Azure GPU metrics collection

Use NVIDIA Data Center GPU Manager (DCGM) to collect Azure GPU metrics. Turbonomic uses these metrics to generate scale actions that optimize performance and costs. For a list of metrics and associated scale actions, see this topic.

Note:

This topic provides an overview of the DCGM configuration that is required to collect Azure GPU metrics. For detailed configuration guidelines and instructions, contact your Turbonomic representative.

Requirements

At a high level, you must ensure that the following requirements are met:

  • The VM image contains NVIDIA GPU drivers.

  • The DCGM package is installed. This package provides the dcgmi CLI tool that you can use to collect GPU metrics.

Metrics collection options

Use any of the following options to collect metrics:

  • DCGM exporter

    DCGM exporter exposes metrics in Prometheus format through the Telegraf agent with the Prometheus plugin. The plugin collects metrics from DCGM exporter and uses Azure Monitor to log metrics directly to the VM. Turbonomic then uses the Azure Monitor REST API to collect GPU metrics. This is the same API that enables the collection of standard metrics, such as vCPU.

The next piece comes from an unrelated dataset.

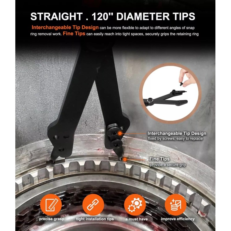 1) The straight .120" diameter tips provide a secure grip on retaining rings, reducing the risk of slipping or damaging the ring or surrounding components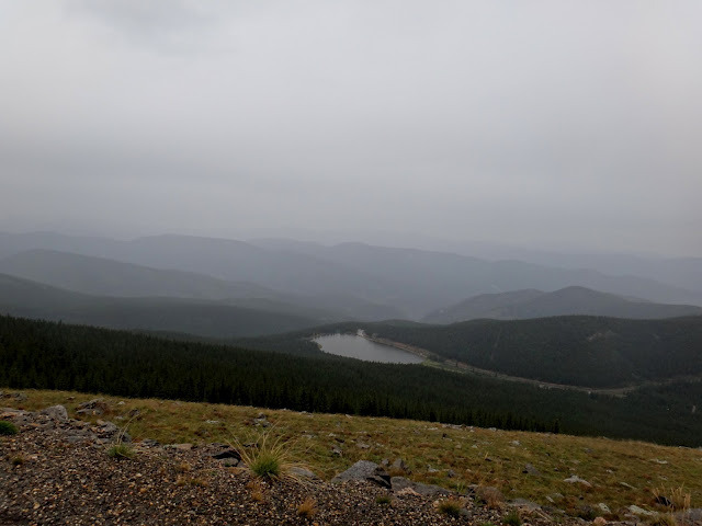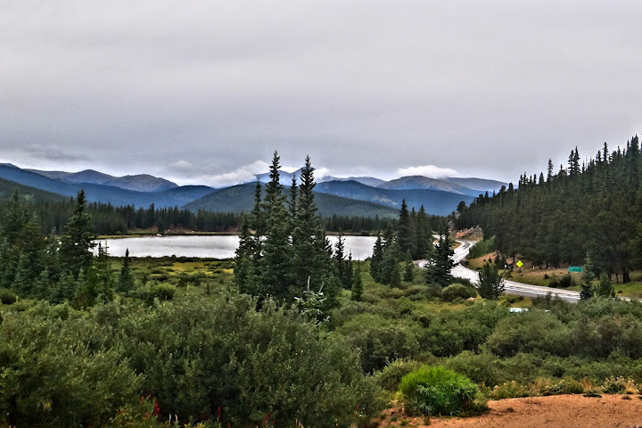 But I wasn’t so lucky – just a few miles into my ride it started drizzling, then turning into serious downpouring. The temperature was in high 70ies when I left Idaho Springs but now was low 50ies and dropping. Should I turn around and go back to the car and postpone my date with Mt. Evans till next year? My shoes, my clothes were already completely wet, but I wanted to get to the top so I just pressed on, despite the rain – after all, how much worse could it be?

    In the Azure portal, when you view a VM's details in the Metrics section, the GPU metrics are available in the telegraf/prometheus namespace.

  • Custom Python script

    The custom Python script reads data using the dcgmi CLI tool and then sends collected metrics directly to the Azure Log Analytics Workspace. To send metrics, the Log Analytics Workspace must be set up correctly using a workspace ID and client authentication keys.